5. Don't gamble. (Institute a "cooling-off period" before you're swept away by the brilliance of your own ideas!)
6. Kill unimportant projects.
Bill Gates on Warren Buffet: "He doesn't invest--take a swing of the bat--unless the opportunity appears unbelievably good."
Who should read this book?
* CEOs and senior leaders (to spot and coach young entrepreneurs)
* Educators
* Parents and grandparents
* Spouses and family members (part encouragement, part therapy!)
* Mensa members!
Clifton suggests every city (his core belief: cities are the fulcrum for the future) install an early identification assessment system and offer the Entrepreneurial StrengthsFinder assessment to thousands of students (prime age: high school freshmen to sophomores in college).
Clifton begins this book with a sobering thought: "During my 40 years at Gallup, I've observed that when very talented leaders fail, it's often because their thinking failed them. Not their management or leadership skills, but their thinking about a core belief that they put at the center of all of their strategies. Because they are so wrong about that core belief, every subsequent decision actually makes things worse, because every decision is tied to that belief. The more they manage and lead, the worse things get."
"This is happening in Washington, D.C., but it is also happening in many cities throughout America." His core belief: "Entrepreneurs create customers. And customers, in turn, create jobs and economic growth. Almost no leader knows this."

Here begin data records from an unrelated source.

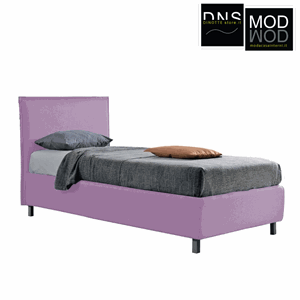 È un letto la cui testata è realizzata con due cuscinoni decorativi fissati con pratici inserti di velcro adesivo che ne permette una comoda e facile rimozione.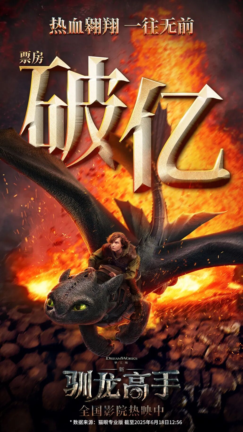 2025年6月19日 —— 就在真人奇幻巨制《新·驯龙高手》全球上映首周,由好莱坞梦工场和环球影业共同推出的真人电影《新·驯龙高手》13日在中美同步上映,迎来票房和口碑双丰收。全球首周末劲收1.97亿美元,登顶首周末全球票房冠军。国内票房也不容小觑,据猫眼专业版统计,截至6月18日,该片票房已超过1亿元人民币,连续多日领跑单日票房。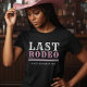 Celebre a última rodeo da noiva com esta camisa de despedida de solteira com tema de cowgirl ocidental. Com um texto estiloso inspirado em saloon e uma paleta de cores rosa, preto e branco, é uma escolha divertida para uma noite das meninas ou fim de semana de despedida de solteira. Personalize com o nome da noiva e detalhes do evento para um presente personalizado!

"Virtually all U.S. and world leaders have misdiagnosed the core problem and put billions and billions of dollars into mistaken strategies that are not helping America's economy, much less the world's."
I must end this review--but you MUST read this book!
2 of 2 people found the following review helpful.
Ever have something mislabeled be so awesome and yet still so wrong
By Matthew Eaton
Ever have something mislabeled be so awesome and yet still so wrong?
It's not quite as bad with this book, but there is nothing really entrepreneurial about it. They give you a profile of your action abilities that might fit into a entrepreneur's mindset, but it isn't as though it will tell you what you'll excel in or be best at like the Strengthfinder 2.0 book.
I'd say get it to take the test, read what it says about you, and then think about what that means to you. It won't open the universe to you, but it can help you frame your universe a bit better.